A few days ago, I noticed an unknown MAC address in the statistics page of my home router. The OUI lookup yields Cisco as manufacturer. However, I don't have such a device in my network -- actually, I wrote down every MAC address, I know.

This device uses the address in an network, where the DHCP area is The traffic of this IP is very small, my router reports packets of ~74 bytes every ~5 minutes (approximately, I think the interval is random). nmap reports the host as down, but after excessive scanning the IP changed and then returned to the first one.

I figured out that the traffic only appears, when my Win7 laptop is connected to the network. However, I couldn't find any sign of a Cisco NIC. The WLAN and LAN adapters are Intel and MSI NICs. Wireshark doesn't record relevant traffic when listening on the active NIC.

Is there any way to figure out what is going on?

EDIT: The MAC is 00-05-31-F8-C0-65.

EDIT: While playing with the firewall, I couldn't figure out which program was causing this. I have some suspicion, but since the program was really ''shy'', I gave up at some point and reinstalled Windows from a clean backup. Any idea, how to diagnose such problems, is still greatly appreciated.

  • 2
    that IP looks like a broadcast IP - when I Google it, I get results like eSight from Huawei. Is this a home or corporate network?
    – schroeder
    Apr 28, 2016 at 17:13
  • 1
    It's a home network.
    – Stefan
    Apr 28, 2016 at 17:15
  • And eSight and Huawei don't make sense in your network? No VPNs into work, no other connected networks?
    – schroeder
    Apr 28, 2016 at 17:40
  • What's the other IP this MAC is associated with? Is the laptop in question a work machine? One guess is that your laptop is infected with something that changes your MAC and IP assuming that it's part of a corporate network. It tries pings out on a semi-random schedule, trying to connect to it's control server.
    – schroeder
    Apr 28, 2016 at 17:43
  • No, this doesn't make sense. I have 1 desktop PC, 2 laptops, 3 mobile phones, 1 printer and 1 bluray player, but the activity correlates with the Win7 laptop. VPN and Virtualbox (and similar stuff) is not installed. The "bad" IP is, while the laptop is at (with Intel NIC). This machine is mostly a gaming machine with a linux partition for work.
    – Stefan
    Apr 28, 2016 at 17:51

2 Answers 2


Perhaps try this. Isolate the network to only the laptop and the router producing the statistics in question are connected. If the traffic onf concern is across WIFI, disconnect all network cables. If across wire, shut down WIFI on both devices and watch to see it is not re-enabled.

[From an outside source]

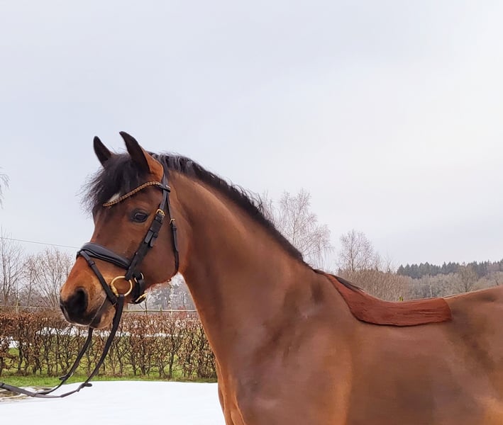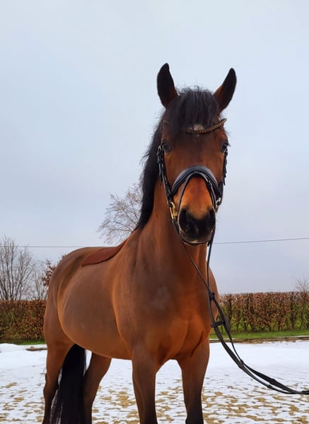 Traumpony zum Verlieben! Nogger HW ist ein brauner Wallach von Neverland, Dance Star AT, Don Joshi AT und ist 146 cm groß. Mit seiner charmanten Art wickelt er jeden um den Finger. Sehr schicker Hengsttyp, verschmust und absolut lieb im Umgang. Bereits 2023 konnte Nogger HW seine überdurchschnittliche Qualität im Rahmen der Körung des Ponyverbandes Hannover in Verden unter Beweis stellen und ein positives Körurteil erhalten. Er ist mittlerweile kastriert und hatte 3-jährig nach der Körung einige Monate frei zum wachsen. Mit seiner unkomplizierten und rittigen Art hat Nogger HW schon ein wenig Turnieratmosphäre kennengelernt. 3-jähirg wurde er 4. auf dem Landeschampionat und konnte sich letzte Saison bereits in Dressurpferde A gegen Großpferde hoch platzieren. Er ist schmiede- und verladefrom. Nogger HW ist bei uns geboren, aufgewachsen und ausgebildet. Also direkt vom Züchter in allerbeste Hände und nur mit tollen Haltungsbedingungen zu verkaufen.

Run Wireshark with a filter that logs only items that match NEITHER normally expected MAC. Let it run for the duration needed to see the pattern. If you can't figure it out from that, try replacing the NIC and different routers.

  • 1
    If you have an ethernet router (as opposed to DSL) your router will have a MAC for the ISPs router - and it might have an internal / non-routable address. Any chance that Cisco box is actually your routers next hop? Jan 26, 2017 at 11:18
  • @TeunVink, you are correct in your wondering. I've removed the paragraph. Thank you for your gracious and helpful critique. ... I've used hardware where the MAC was on a chip, but that was for banking where hardware encryption was also employed. ... The cards we get in laptops and computer stores have firmware that allow alteration. In LINUX, it can be changed with "ifconfig eth0 hw ether xx:xx:xx:xx:xx:xx" and there is a key in the registry for Windoze. Jan 26, 2017 at 15:16

It can be a network backdoor inside the NIC. I never saw a Wifi chip of this kind but it definitely exists on ethernet NICs, allowing to sniff traffic (duplicate traffic), send packets, or even hide (route) traffic placing a filter inside the NIC's chip so that the host doesn't even see the incoming/outgoing traffic filtered. This kind of backdoor is generally limited to a few KB / sec in download / upload. But it's enough to receive orders from a hacker and send small amounts of data back.